Antibiotic Bone Cement
Surgeons regularly use antibiotic bone cement in total joint arthroplasty and for other applications such as bone void filler during tumor surgery. However, AAOS is not aware of a consensus on the application, the amount of antibiotic, nor the type on antibiotic mixed with the bone cement. Several manufacturers have received market clearance for antibiotic bone cement products since May 2003. The AAOS will survey joint replacement specialists on antibiotic bone cement usage and report to the Forum in February 2004. At a recent AAHKS meeting, 40 % of members reported using antibiotic bone cement on primary hip or knee surgeries. European data suggest that antibiotic resistance is not problematic due to the use of these products.

AAOS Committees
Biological Implants Committee
The Biological Implants committee has officially added a seat on their committee designated for a tissue-banking expert. The committee will meet in the Washington, DC in mid-November to engage in discussions with FDA liaisons.

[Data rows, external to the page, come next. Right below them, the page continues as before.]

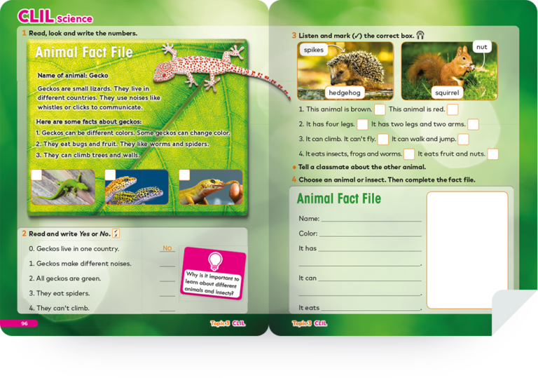 With the two-page CLIL section, students can apply prior knowledge in a different content area, and sharpen their critical thinking skills.
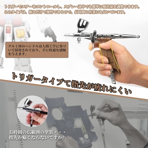 本商品は、真鍮製ボディ・クルミ材のハンドルのトリガー式エアブラシ。作動方式は長時間の作業でも指が疲れにくいトリガータイプが採用されている。エアーをコントロールし、スプレー途中でも簡単に噴出量を調整可能。0.3mm口径のほか、0.5mmと0.8mm口径が付属し、用途に合わせて手軽に交換できる。
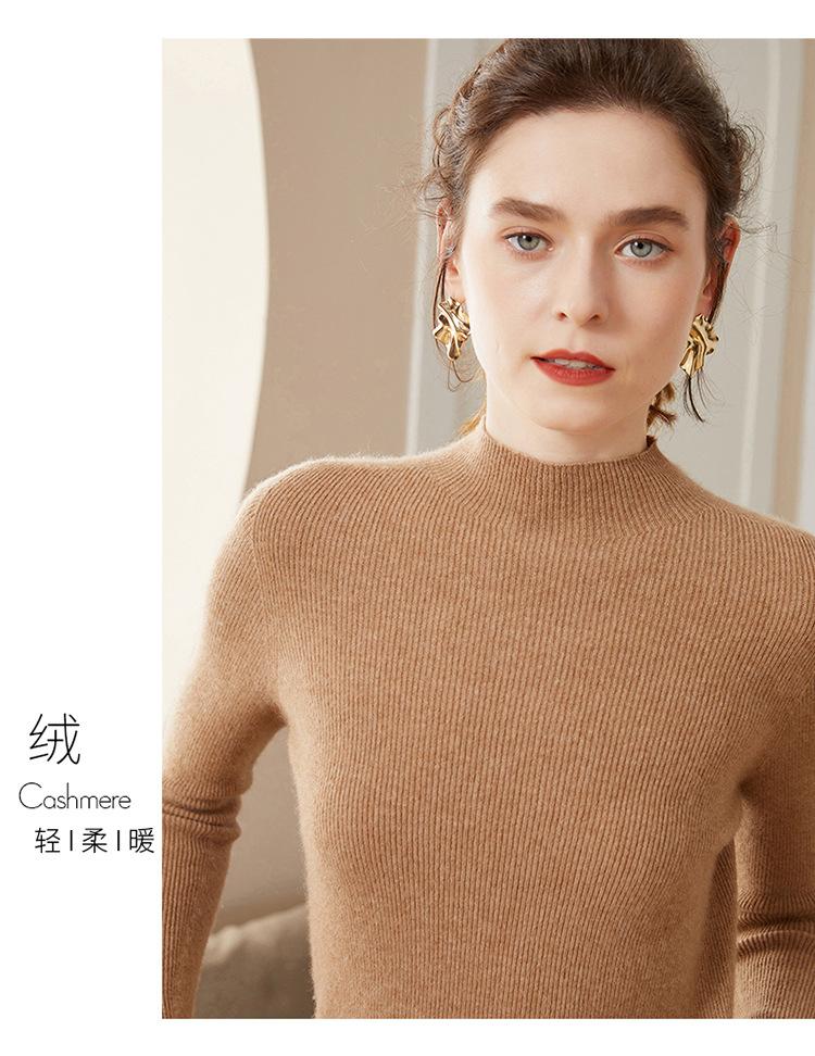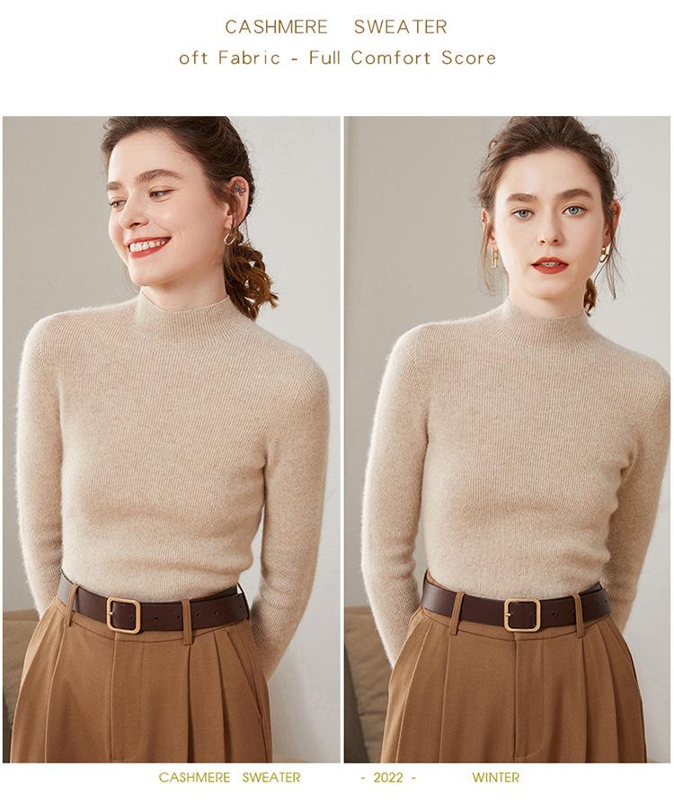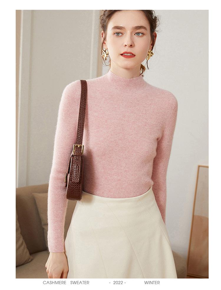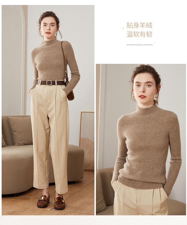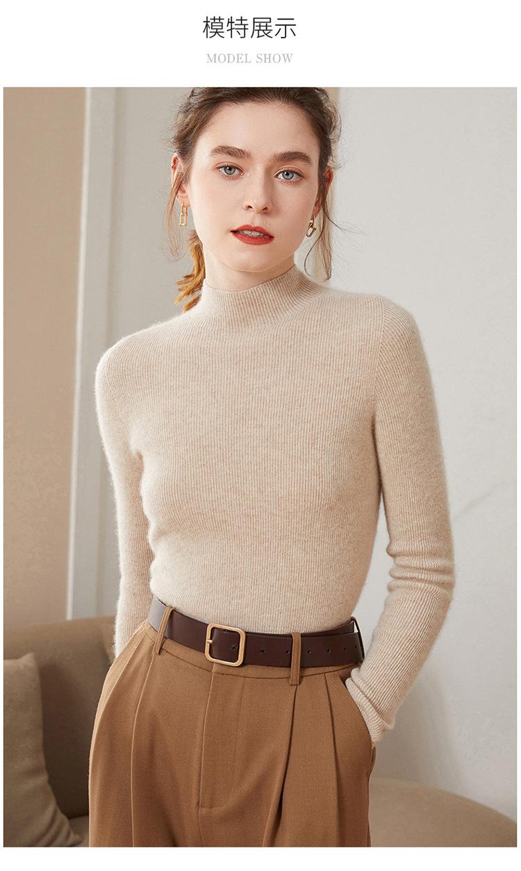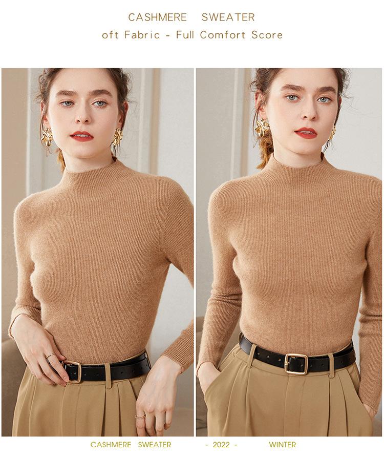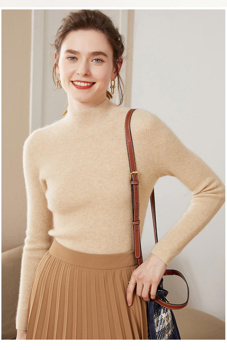 Ropa de primera línea sin costuras ~ suéter de cachemira ajustado de cuello medio alto para mujer 100% cachemira pura interior jersey delgado básico
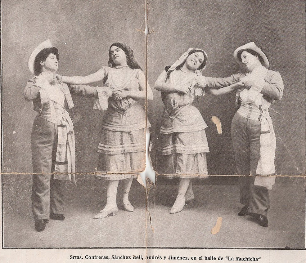 Em 1905, estreou no Teatro Cómico de Madrid a zarzuela La Gatita Blanca, com música de Amadeo Vives e Jerónimo Jiménez, e libreto de José Jackson Veyán e Jacinto Capella. Esta “humorada lírica" em um ato, que fez grande sucesso até o ano seguinte, tinha como quarto número um Baile de la machicha.
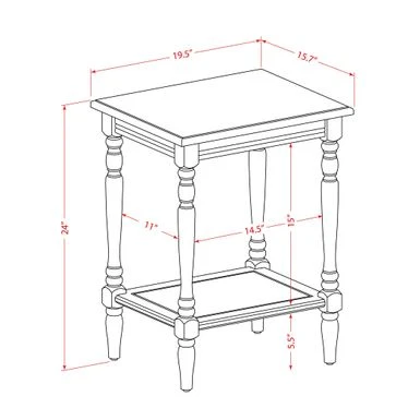 - Night Stand Dimensions: Length: 19.5; Width: 15.7; Height: 24.
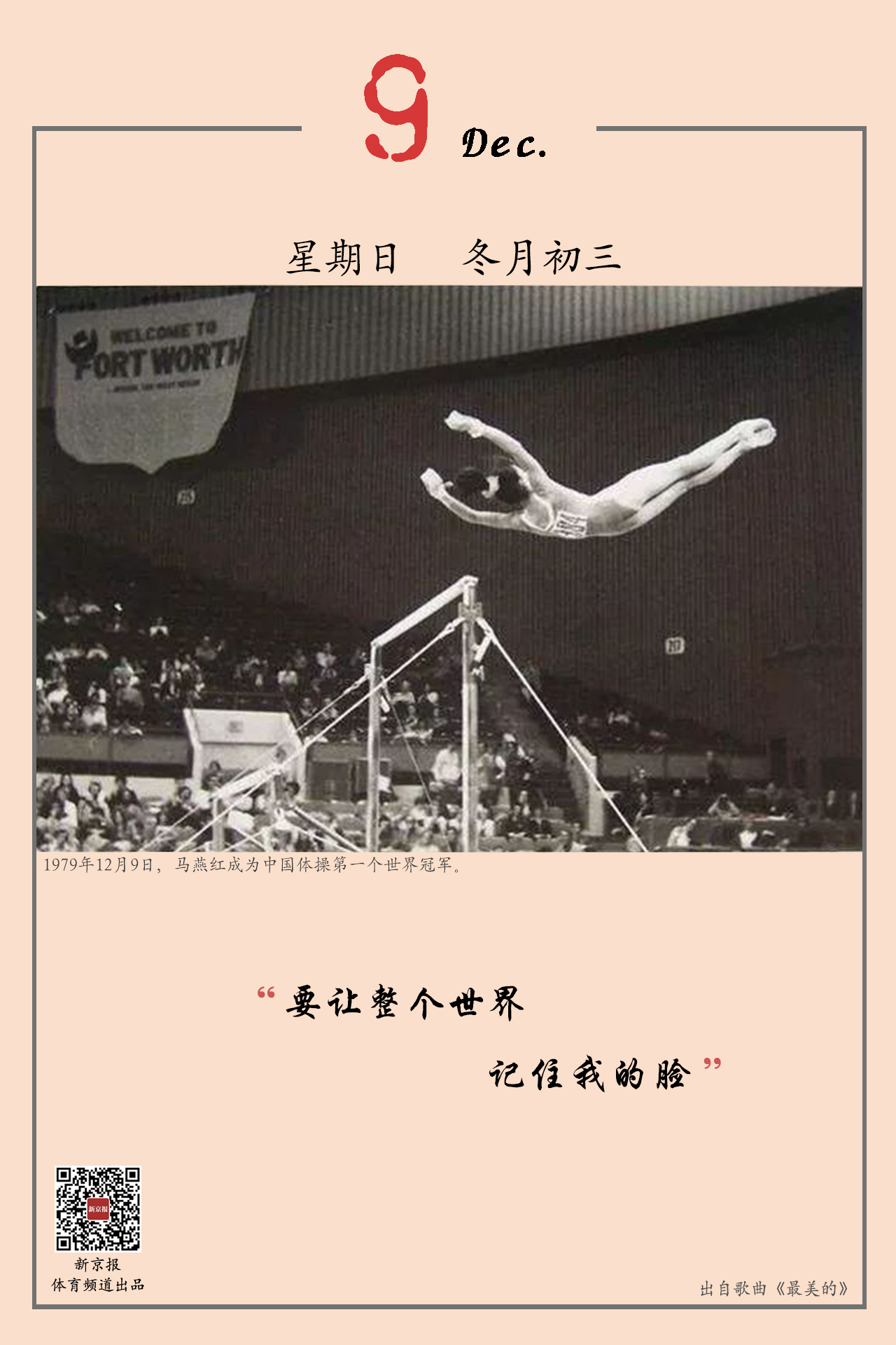 1979年12月9日,在美国沃斯堡举行的第20届体操世锦赛上,马燕红夺得高低杠金牌,成为我国体操史上的第一个世界冠军。
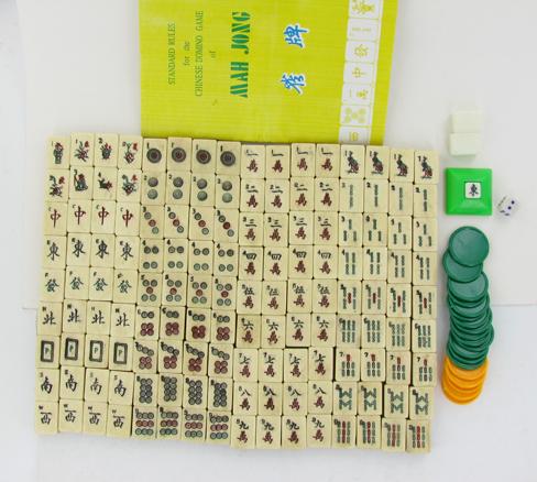 New Bone/Bamboo set nicely organized in 5 drawers inside case; all the required pieces for play
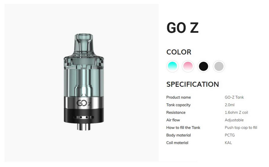 Innokin GoZ atomizer je širok 20mm. Kapacitet tanka je 2ml. Izrađen je od visoko kvalitetne PCTG plastike, zbog čega je veoma lagan a tank je skoro u potpunosti providan. GoZ poseduje klasičan 510 konektor, pa se može koristiti sa svim standardnim baterijama i baterijskim modovima.
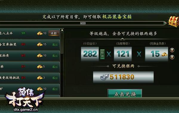 玩家通过完成各项日常任务,可以根据难易程度获得数量不一的金条奖励,使用金条可以根据当日金价以及玩家当前等级兑换银两。根据兑换公式可以发现,玩家要尽量在高等级且高金价的时候进行兑换最划算,那么也就是说玩家可以一直囤积金条,直到满级吗? 在实际情况下这是不划算的,因为玩家携带金条的上限为500个,当金条数量达到上限后新的金条就会溢出消失,所以玩家最好的金条兑换办法就是合理规划兑换时机。由于金价会在200-300之间进行浮动,所以当玩家看到金价高于280时就可以准备进行兑换了,在兑换当天把等级尽量升高即可。 以上就是哥们网《范伟打天下》新手攻略之打金条玩法,根据合理的规划兑换到足够多的银两,你就能愉快的点技能不愁没钱啦!
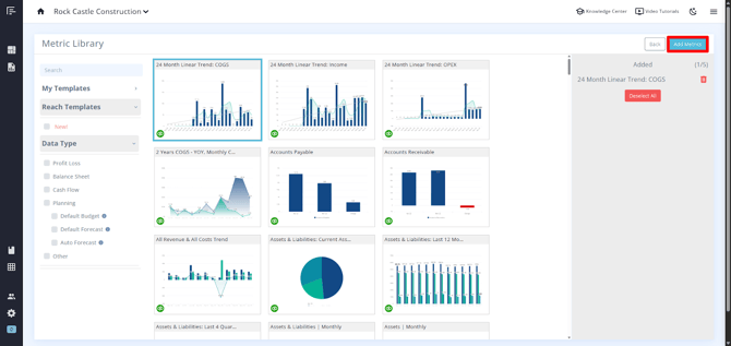 Once you select the metrics, select “Add Metrics,” and this will add them to your dashboard.
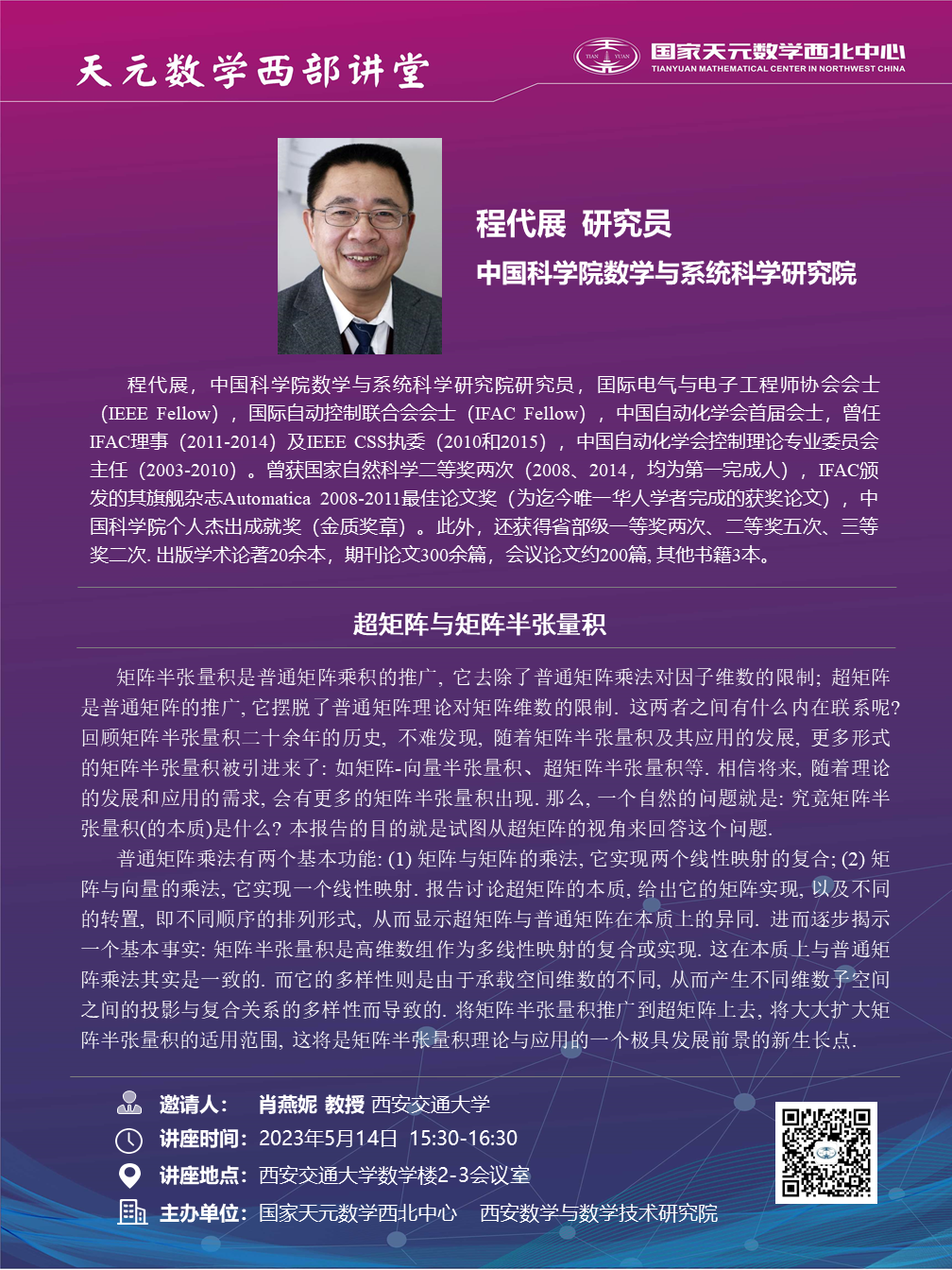 【天元数学西部讲堂】中国科学院数学与系统科学研究院程代展研究员学术报告

Three members of the AAOS Biological Implant committee are moderating symposia at the 2004 AAOS Annual Meeting. Symposia include: Commonly used Enhancers of Bone Healing, The Role of Pharmacological Agents in Fracture Healing and Implant Fixation, and Cell Based Therapies in Bone and Cartilage Repair. The committee also plans two scientific exhibits: one on xenotransplantation and a followup to last year’s allograft safety exhibit. The Biological Implants committee will host a retrospective exhibit of Dr. Marshall Urist’s contributions to medicine at the 2004 AAOS meeting in San Francisco, CA.

Biomedical Engineering Committee
The Biomedical Engineering committee continues to meet at the fall ASTM meeting. The committee is investigating computer-assisted surgery and assessing multiple ways to standardize the technologies. The committee will present an instructional course lecture on the mechanism of injury at the 2004 AAOS Annual Meeting in San Francisco, CA.

Future Agenda Items

• New Product Development particularly for small volume products.
• Chantilly Revisited subcommittee- will examine data from the 1995 Chantilly, VA conference vs. new data and assess what percentage of new product development is occurring overseas.